Lu Ma,Zeang Sheng,Xunkai Li,Xinyi Gao,Zhezheng Hao,Ling Yang,Wentao Zhang,Bin Cui
Abstract:Graph Neural Networks (GNNs) have demonstrated effectiveness in various graph-based tasks. However, their inefficiency in training and inference presents challenges for scaling up to real-world and large-scale graph applications. To address the critical challenges, a range of algorithms have been proposed to accelerate training and inference of GNNs, attracting increasing attention from the research community. In this paper, we present a systematic review of acceleration algorithms in GNNs, which can be categorized into three main topics based on their purpose: training acceleration, inference acceleration, and execution acceleration. Specifically, we summarize and categorize the existing approaches for each main topic, and provide detailed characterizations of the approaches within each category. Additionally, we review several libraries related to acceleration algorithms in GNNs and discuss our Scalable Graph Learning (SGL) library. Finally, we propose promising directions for future research. A complete summary is presented in our GitHub repository:
What problem does this paper attempt to address?

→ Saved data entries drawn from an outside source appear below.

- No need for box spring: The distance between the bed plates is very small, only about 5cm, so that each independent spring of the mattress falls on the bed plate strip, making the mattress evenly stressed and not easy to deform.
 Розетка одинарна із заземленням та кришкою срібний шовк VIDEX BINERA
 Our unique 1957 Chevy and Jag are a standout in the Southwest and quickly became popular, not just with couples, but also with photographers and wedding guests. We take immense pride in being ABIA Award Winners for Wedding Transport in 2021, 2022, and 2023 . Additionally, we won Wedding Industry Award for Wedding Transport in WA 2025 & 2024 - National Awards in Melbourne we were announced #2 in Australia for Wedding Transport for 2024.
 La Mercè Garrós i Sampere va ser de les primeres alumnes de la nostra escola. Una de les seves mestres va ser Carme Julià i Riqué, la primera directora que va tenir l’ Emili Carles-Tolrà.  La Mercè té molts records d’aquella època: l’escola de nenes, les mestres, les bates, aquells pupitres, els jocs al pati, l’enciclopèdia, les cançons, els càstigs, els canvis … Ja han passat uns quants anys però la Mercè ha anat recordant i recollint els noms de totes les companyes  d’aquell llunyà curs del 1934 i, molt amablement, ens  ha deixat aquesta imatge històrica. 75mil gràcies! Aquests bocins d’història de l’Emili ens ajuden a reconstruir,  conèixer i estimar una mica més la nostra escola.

The problem that this paper attempts to solve is the inefficiency of Graph Neural Networks (GNNs) during the training and inference processes. Specifically, GNNs face significant time - complexity and memory - complexity challenges when processing large - scale graph data, and these problems limit their scalability in practical applications. To address these challenges, researchers have proposed a variety of acceleration algorithms, aiming to improve the training and inference efficiency of GNNs and reduce storage and computational consumption.
### Main contributions of the paper
1. **Systematic review**: The paper conducts a systematic review of GNNs acceleration algorithms and divides them into three major categories: training acceleration, inference acceleration, and execution acceleration.

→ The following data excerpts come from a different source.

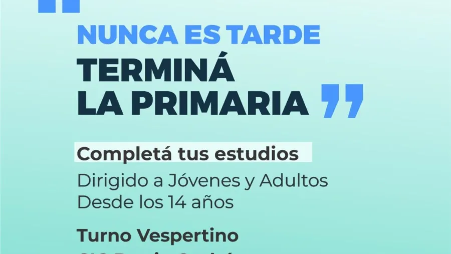 En ese marco, se encuentra abierta la inscripción para terminar la escuela primaria, una propuesta orientada a jóvenes y adultos desde los 14 años, con cursado en turno vespertino en el CIC Barrio Ombú. La convocatoria apunta a acompañar a quienes por distintos motivos no pudieron finalizar sus estudios, ofreciendo un espacio accesible y cercano para retomar su formación.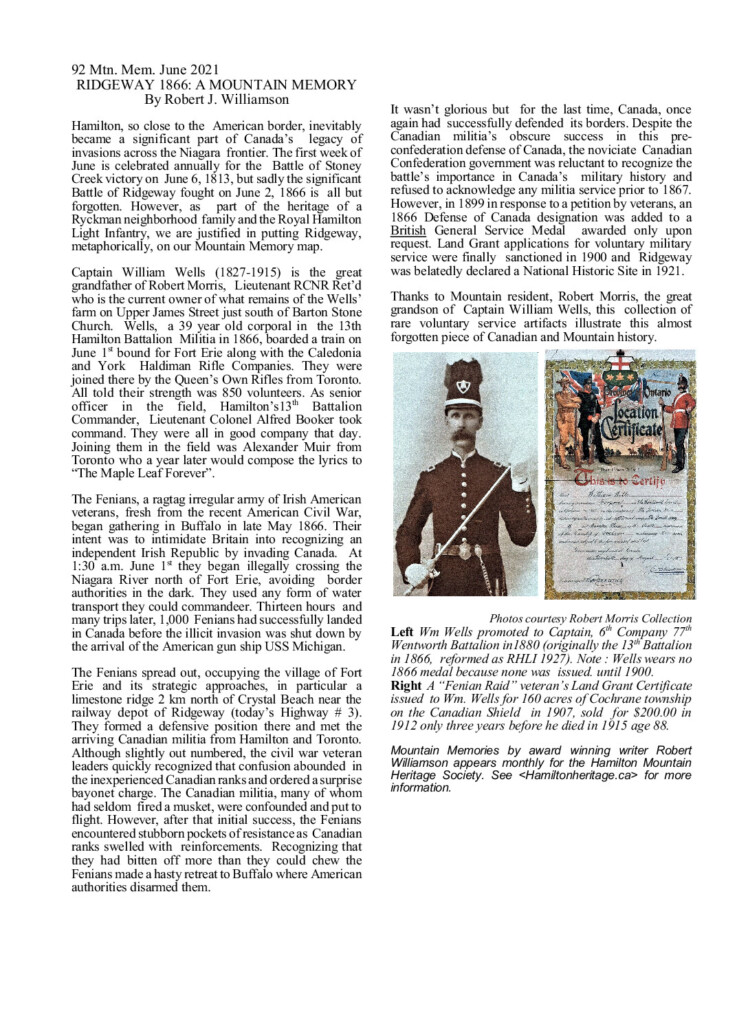 In June, for the 155th anniversary of the Battle of Ridgeway, this heritage column connected Hamilton’s Mountain militia volunteer, Captain William Wells and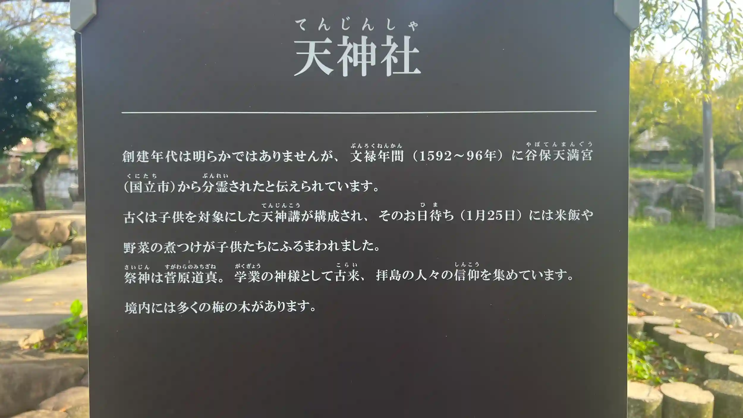御祭神は学問の神として知られる菅原道真公であり、境内の由緒書によれば、創建年代は明確には伝わらないものの、文禄年間(16世紀末)に国立市の谷保天満宮より分霊を勧請して創建されたと記されています。谷保天満宮は関東三大天神の一つとして知られ、そこから分霊を受けて成立したこの神社もまた、地域における信仰の拠点として長きにわたり親しまれてきたことがうかがえます。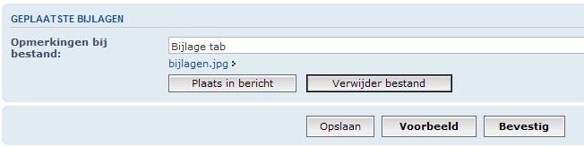 • De bijlage of de foto staat nu op deze server en is nu al gekoppeld met je bericht. Je kunt je bericht nu aftypen en na het drukken op de knop "Bevestig" wordt je bericht weergegeven met daaronder de bijlagen.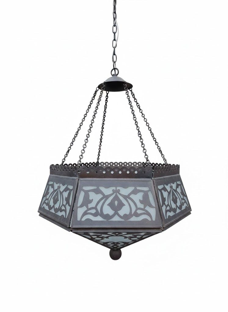 Esta lámpara colgante marroquí es una pieza decorativa de gran impacto visual, elaborada con estructura metálica calada y paneles de cristal esmerilado. Su diseño hexagonal y suspendido por cadenas aporta elegancia y carácter artesanal, evocando la estética tradicional de los zocos y patios del Magreb. Los motivos florales y geométricos troquelados en el metal permiten que la luz se filtre suavemente, creando sombras envolventes y un ambiente cálido y exótico.

2. **Classification and summary**: For each category of acceleration algorithms, the paper summarizes and classifies the existing methods and provides detailed feature descriptions.
3. **Review of related libraries**: The paper also reviews some libraries related to GNNs acceleration and introduces the author's own Scalable Graph Learning (SGL) library.
4. **Future research directions**: The paper proposes promising directions for future research.
### Specific problems and solutions
- **Time - complexity challenges**:
- **Neighbor explosion**: GNNs recursively aggregate the information of neighbor nodes at each layer, resulting in an exponential growth in the number of neighbors and an increase in computational cost.
- **Discontinuous data access**: Due to the irregularity of graph data, data is usually not stored continuously, leading to high I/O overhead.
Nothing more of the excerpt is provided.